Faustino vio cómo el gel burbujeaba a través de los agujeros.
—No —acertó a decir con un hilo de voz.
La bala se incrustó en el interior del reactor y arrancó una esquirla de una de las turbinas. La esquirla salió disparada en espiral hacia arriba y agujereó el plastiglás como si fuera un dedo atravesando la arena. Cada vez se desparramaba más y más hidrogel y dispersaba a los Parásitos que aún tenían fuerzas para moverse.
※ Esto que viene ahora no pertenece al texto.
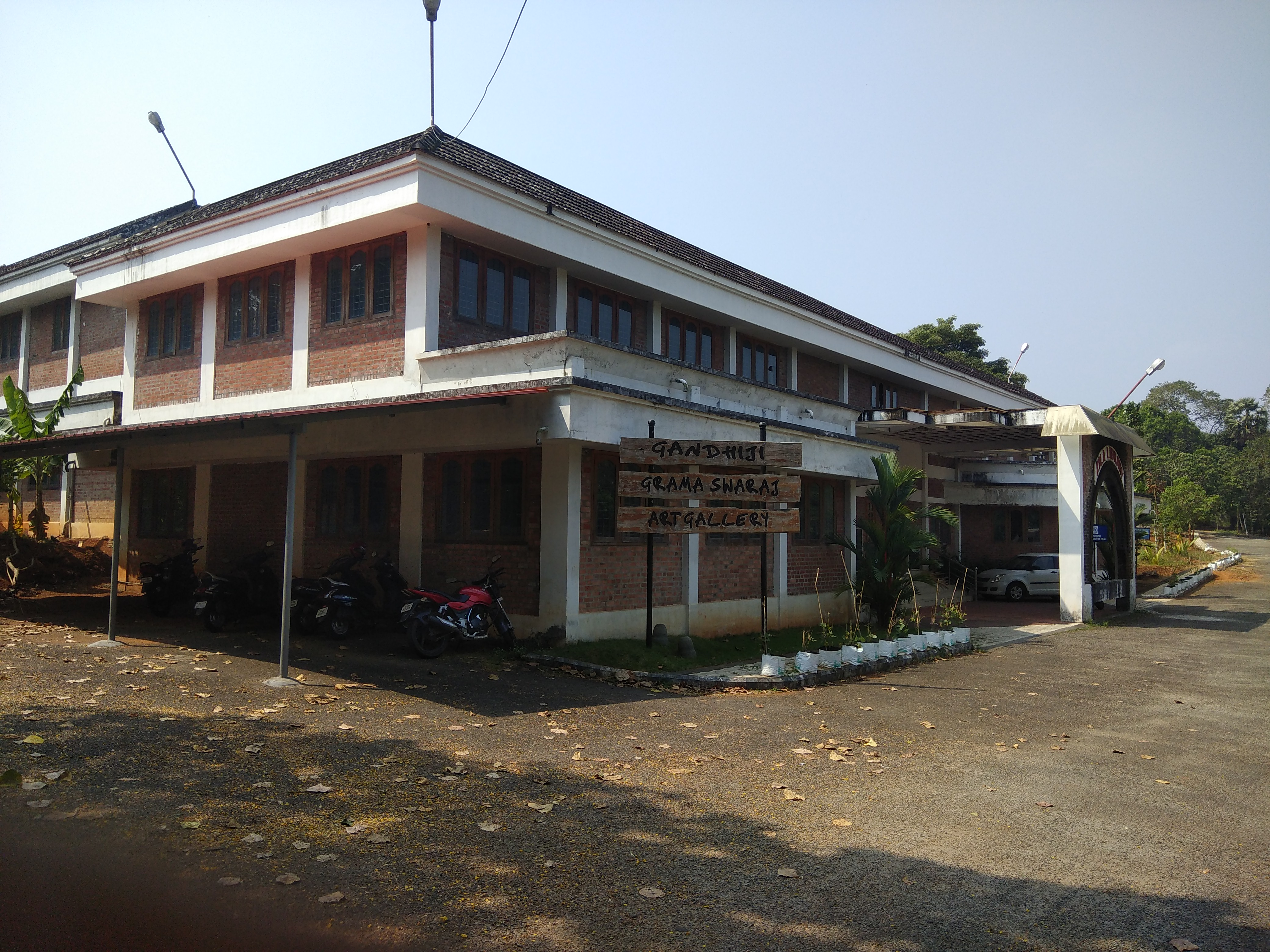 Kerala Institute of Local Administration Library building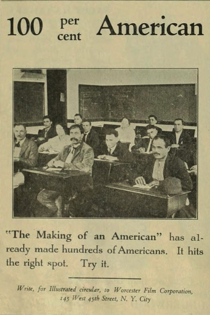 Advertisement for 1920 silent film The Making of an American Other information cropped from page 26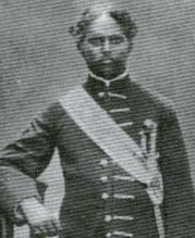 Gate Mudaliyar in full uniform.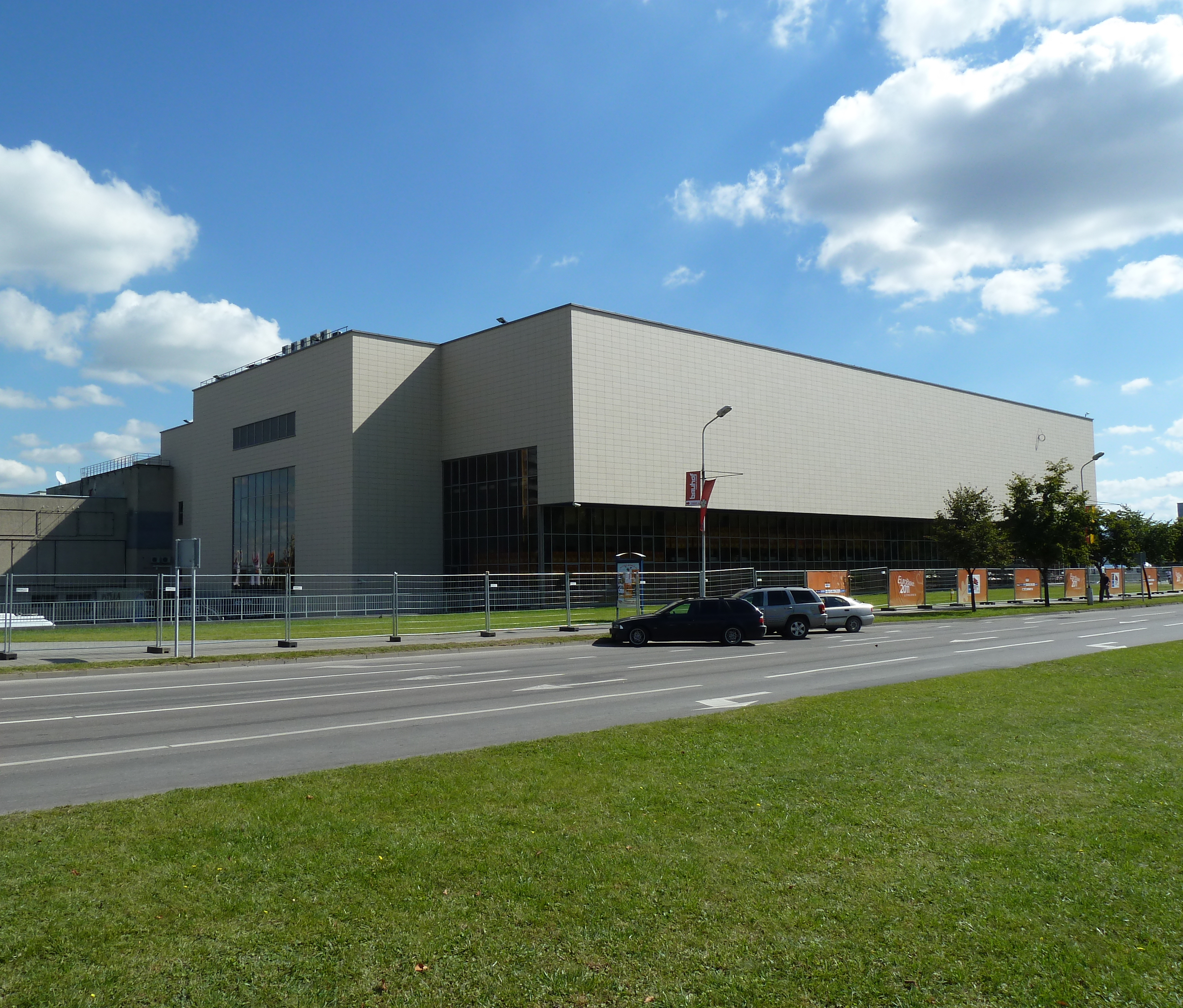 Alytaus Arena in Alytus, Lithuania during EuroBasket 2011.

Las luces de alarma se encendieron en una docena de paneles de mandos, que cerraron y sellaron automáticamente las secciones nucleares del reactor. Sin embargo, la zona de los Especnoides 4 estaba irremediablemente resquebrajada: decenas de grietas recorrían la superficie, compitiendo unas con otras para ser las primeras en llegar al borde. Cada grieta daba origen a un centenar más, hasta que no quedó un solo centímetro cuadrado sin plastiglás intacto. El hidrogel caía en oleadas y provocaba una docena de incendios en el suelo, debajo. Los Parásitos se apartaban de su camino, pero no podían huir sin energía limpia.
Faustino apoyó la mejilla en el plastiglás.
—Suéltame —suplicó.
Stefan la soltó.
—Es demasiado tarde, profesora —dijo—. No se preocupe, no sentirá nada.
Faustino se levantó, pero antes de haber podido avanzar media docena de pasos la superficie transparente se vino abajo por completo y arrojó a ambos al vientre de la sección central del reactor. Todas las ventanas del edificio estallaron, mientras ríos de hidrogel seguían manando de los paneles de cristal doble.